Key is what Bradford Hill refers to as ‘consistency’ and what we might also term ‘replication’. If we see this correlation in a range of different situations then we can probably rule out the idea that it’s a chance finding. For instance, if three quite different states adopt the same education policy at different times and, subsequently, maths scores rise in each of these states then that would seem to be telling us something. It is particularly convincing if we can take a correlation and replicate it in an experiment.

An example of this would be the process-product research of the 1960s and 1970s that sought to correlate various teacher behaviours with test score rises. A number of behaviours were identified that we might broadly term ‘explicit teaching’. However, these could just have been proxies; a particular teacher personality type, for instance, might have caused teachers to teach in a particular way and also have caused the test score gains. To try to figure this out, we could and should ask whether it is plausible that teacher behaviours cause student learning and of course it is – a plausibility test. However, that still doesn’t rule out a third factor.

Which is why a number of researchers set up experiments (e.g. here) where they taught teachers these behaviours and then looked to see if these teachers’ students performed better than a control group. We still have a problem if these experiments are badly designed but if we have a large number of correlations and reasonably well-designed experiments all pointing the same way then I think it is reasonable to infer a cause and effect relationship.

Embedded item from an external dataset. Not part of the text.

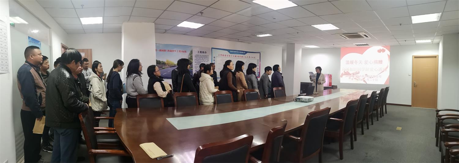 11月20日下午,公司假座工農(nóng)路拓改工程A標(biāo)段項(xiàng)目部,并以此為主會(huì)場(chǎng),分設(shè)揚(yáng)州、徐州、金湖等駐外項(xiàng)目部分會(huì)場(chǎng),專場(chǎng)舉行“愛(ài)心捐助” 活動(dòng),為身患白血病的湯如影同學(xué)募集愛(ài)心救助款,當(dāng)場(chǎng)募集善款6.666萬(wàn)元,交到患者家屬手中。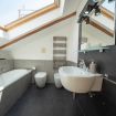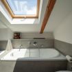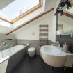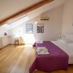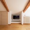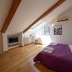 L’appartamento è mansardato con lucernai che danno molta luminosità all’ambiente ed è molto suggestivo.

Ultimately, our inferences should depend upon triangulation. It is about more than exactly replicating an experimental finding. To be reasonably sure of a cause and effect relationship, we need to see similar effects in a range of different correlations of different designs, sizes and duration, ideally supported by experimental evidence. It’s a lot to ask for but I think we have the tools at our disposal to amass such evidence in a way that is relevant to common debates about teaching approaches.